Assigned task
In the records below, find the line with "Large space for" and the line with "Maximum pressure = 30.369". Print both exactly, along with every line between them, and no other line.
═════ Extracted records
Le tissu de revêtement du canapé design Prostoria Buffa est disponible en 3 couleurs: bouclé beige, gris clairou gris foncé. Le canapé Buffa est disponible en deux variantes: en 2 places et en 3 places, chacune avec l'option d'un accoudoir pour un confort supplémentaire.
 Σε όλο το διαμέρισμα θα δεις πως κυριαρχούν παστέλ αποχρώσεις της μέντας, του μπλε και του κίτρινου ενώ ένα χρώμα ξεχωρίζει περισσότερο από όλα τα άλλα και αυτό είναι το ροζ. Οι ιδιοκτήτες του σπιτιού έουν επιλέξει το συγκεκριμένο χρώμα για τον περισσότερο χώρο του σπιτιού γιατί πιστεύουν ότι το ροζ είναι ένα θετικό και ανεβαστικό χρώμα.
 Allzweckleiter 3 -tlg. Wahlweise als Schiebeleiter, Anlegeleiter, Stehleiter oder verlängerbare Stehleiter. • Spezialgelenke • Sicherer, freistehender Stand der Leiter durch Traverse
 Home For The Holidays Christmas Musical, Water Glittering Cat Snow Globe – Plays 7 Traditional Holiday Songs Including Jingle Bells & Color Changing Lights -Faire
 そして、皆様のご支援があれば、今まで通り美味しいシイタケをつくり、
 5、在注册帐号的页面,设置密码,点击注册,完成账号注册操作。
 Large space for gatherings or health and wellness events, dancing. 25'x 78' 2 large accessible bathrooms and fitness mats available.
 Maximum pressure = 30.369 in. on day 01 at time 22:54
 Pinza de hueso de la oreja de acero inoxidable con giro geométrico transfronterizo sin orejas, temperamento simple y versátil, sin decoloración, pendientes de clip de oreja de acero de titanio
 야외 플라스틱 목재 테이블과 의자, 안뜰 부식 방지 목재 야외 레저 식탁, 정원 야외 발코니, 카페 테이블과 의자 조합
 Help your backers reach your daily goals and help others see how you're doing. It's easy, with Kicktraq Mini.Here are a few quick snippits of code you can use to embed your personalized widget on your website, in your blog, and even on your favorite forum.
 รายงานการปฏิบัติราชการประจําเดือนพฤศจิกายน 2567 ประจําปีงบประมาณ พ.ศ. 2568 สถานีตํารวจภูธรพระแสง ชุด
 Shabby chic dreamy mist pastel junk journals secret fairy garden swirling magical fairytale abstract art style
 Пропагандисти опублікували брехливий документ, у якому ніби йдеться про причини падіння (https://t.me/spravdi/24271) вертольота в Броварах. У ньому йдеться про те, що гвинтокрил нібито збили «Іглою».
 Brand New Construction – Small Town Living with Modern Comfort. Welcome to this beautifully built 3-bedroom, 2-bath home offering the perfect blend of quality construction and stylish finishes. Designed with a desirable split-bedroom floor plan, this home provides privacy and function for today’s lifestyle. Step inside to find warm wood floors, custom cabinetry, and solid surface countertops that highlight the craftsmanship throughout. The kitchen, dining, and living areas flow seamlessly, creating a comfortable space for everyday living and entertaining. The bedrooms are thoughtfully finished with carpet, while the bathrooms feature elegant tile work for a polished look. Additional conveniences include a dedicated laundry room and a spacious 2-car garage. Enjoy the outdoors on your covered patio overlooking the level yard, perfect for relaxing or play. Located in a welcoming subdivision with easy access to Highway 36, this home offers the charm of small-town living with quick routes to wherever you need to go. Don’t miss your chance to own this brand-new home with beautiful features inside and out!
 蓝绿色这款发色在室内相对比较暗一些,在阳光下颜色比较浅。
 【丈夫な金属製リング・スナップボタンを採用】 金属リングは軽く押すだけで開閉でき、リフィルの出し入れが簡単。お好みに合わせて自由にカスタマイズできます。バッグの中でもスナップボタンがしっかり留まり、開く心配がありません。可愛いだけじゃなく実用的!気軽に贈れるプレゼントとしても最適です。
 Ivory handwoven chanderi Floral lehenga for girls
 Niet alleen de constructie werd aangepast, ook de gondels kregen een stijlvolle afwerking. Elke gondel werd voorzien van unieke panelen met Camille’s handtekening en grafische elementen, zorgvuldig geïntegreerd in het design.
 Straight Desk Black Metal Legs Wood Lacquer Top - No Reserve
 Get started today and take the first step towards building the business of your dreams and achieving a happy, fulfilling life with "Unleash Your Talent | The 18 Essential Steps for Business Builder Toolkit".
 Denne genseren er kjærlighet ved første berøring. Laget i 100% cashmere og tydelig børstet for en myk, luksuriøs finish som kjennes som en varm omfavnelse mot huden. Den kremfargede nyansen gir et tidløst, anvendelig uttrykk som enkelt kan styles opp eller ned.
══════════
Solution to the problem
 Large space for gatherings or health and wellness events, dancing. 25'x 78' 2 large accessible bathrooms and fitness mats available.
 Maximum pressure = 30.369 in. on day 01 at time 22:54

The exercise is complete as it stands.